我正在输入书中的一个例子我我正在使用。它是为了演示
char数据类型。

I was typing out an example from the book I am using. It is to demonstrate the char data type.

代码如下:

public class CharDemo
{
public static void main(String [] args)
{
char a = 'A';
char b = (char) (a + 1);
System.out.println(a + b);
System.out.println("a + b is " + a + b);
int x = 75;
char y = (char) x;
char half = '\u00AB';
System.out.println("y is " + y + " and half is " + half);
}
}

令我困惑的是声明,char half ='\ u00AB'。该书指出\ u0000AB是符号'1/2'的代码。如上所述,当我从cmd编译并运行程序时,在该行上生成的符号实际上是'1/2'。

The bit that is confusing me is the statement, char half = '\u00AB'. The book states that \u00AB is the code for the symbol '1/2'. As described, when I compile and run the program from cmd the symbol that is produced on this line is in fact a '1/2'.

所以一切似乎都在起作用。我决定玩代码并尝试一些不同的unicodes。我搜索了多个unicode表,发现它们都没有与上面的结果一致。

So everything appears to be working as it should. I decided to play around with the code and try some different unicodes. I googled multiple unicode tables and found none of them to be consistent with the above result.

在每一个我发现它声明代码/ u00AB不是'1 / 2'实际上是这样的:

In every one I found it stated that the code /u00AB was not for '1/2' and was in fact for this:

http://www.fileformat.info/info/unic...r/ab/index.htm
那么Java使用的是什么字符集,我以为UNIode应该就是那个,Uni,只有一个。我搜索了几个小时,无处可以找到状态/ u00AB等于1/2的字符集,但这是我的java编译器将其解释为。

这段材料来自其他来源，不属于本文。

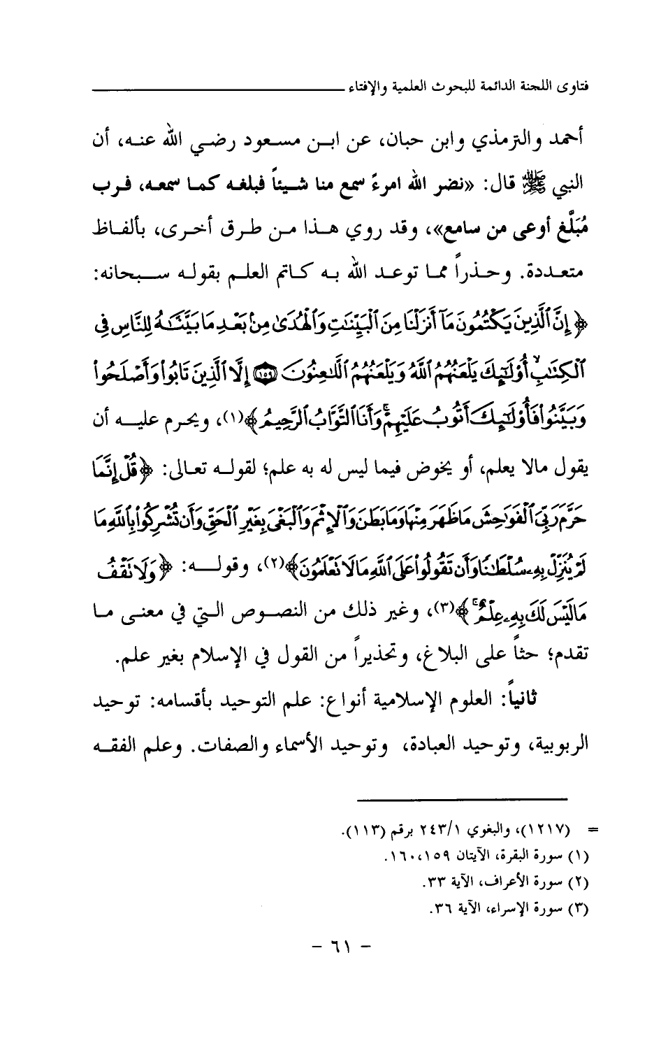 أحمد والترمذي وابن حبان، عن ابن مسعود رضي الله عنه، أن النبي صلى الله عليه وسلم قال: «نضر الله امرء سمع منا شيئا فبلغه كما سمعه، فرب مبلغ أوعى من سامع (¬1) » ، وقد روي هذا من طرق أخرى، بألفاظ متعددة. وحذرا مما توعد الله به كاتم العلم بقوله سبحانه: {إِنَّ الَّذِينَ يَكْتُمُونَ مَا أَنْزَلْنَا مِنَ الْبَيِّنَاتِ وَالْهُدَى مِنْ بَعْدِ مَا بَيَّنَّاهُ لِلنَّاسِ فِي الْكِتَابِ أُولَئِكَ يَلْعَنُهُمُ اللَّهُ وَيَلْعَنُهُمُ اللَّاعِنُونَ} (¬2) {إِلَّا الَّذِينَ تَابُوا وَأَصْلَحُوا وَبَيَّنُوا فَأُولَئِكَ أَتُوبُ عَلَيْهِمْ وَأَنَا التَّوَّابُ الرَّحِيمُ} (¬3) ويحرم عليه أن يقول ما لا يعلم، أو يخوض فيما ليس له به علم؛ لقوله تعالى: {قُلْ إِنَّمَا حَرَّمَ رَبِّيَ الْفَوَاحِشَ مَا ظَهَرَ مِنْهَا وَمَا بَطَنَ وَالْإِثْمَ وَالْبَغْيَ بِغَيْرِ الْحَقِّ وَأَنْ تُشْرِكُوا بِاللَّهِ مَا لَمْ يُنَزِّلْ بِهِ سُلْطَانًا وَأَنْ تَقُولُوا عَلَى اللَّهِ مَا لَا تَعْلَمُونَ} (¬4) وقوله: {وَلَا تَقْفُ مَا لَيْسَ لَكَ بِهِ عِلْمٌ} (¬5) وغير ذلك من النصوص التي في معنى ما تقدم؛ حثا على البلاغ، وتحذيرا من القول في الإسلام بغير علم. ثانيا: العلوم الإسلامية أنواع: علم التوحيد بأقسامه: توحيد الربوبية، وتوحيد العبادة، وتوحيد الأسماء والصفات. وعلم الفقه

http://www.fileformat.info/info/unic...r/ab/index.htm So what character set is Java using, I thought UNicode was supposed to be just that, Uni, only one. I have searched for hours and nowhere can I find a character set that states /u00AB is equal to a 1/2, yet this is what my java compiler interprets it as.

我必须在这里遗漏一些明显的东西!感谢您的帮助!

I must be missing something obvious here! Thanks for any help!

推荐答案

这是Windows平台上控制台编码不匹配的一个众所周知的问题。

It's a well-known problem with console encoding mismatch on Windows platforms.

Java Runtime期望系统控制台使用的编码与系统默认编码相同。但是,Windows使用两种单独的编码: ANSI代码页(系统默认编码)和OEM代码页(控制台编码)

Java Runtime expects that encoding used by the system console is the same as the system default encoding. However, Windows uses two separate encodings: ANSI code page (system default encoding) and OEM code page (console encoding).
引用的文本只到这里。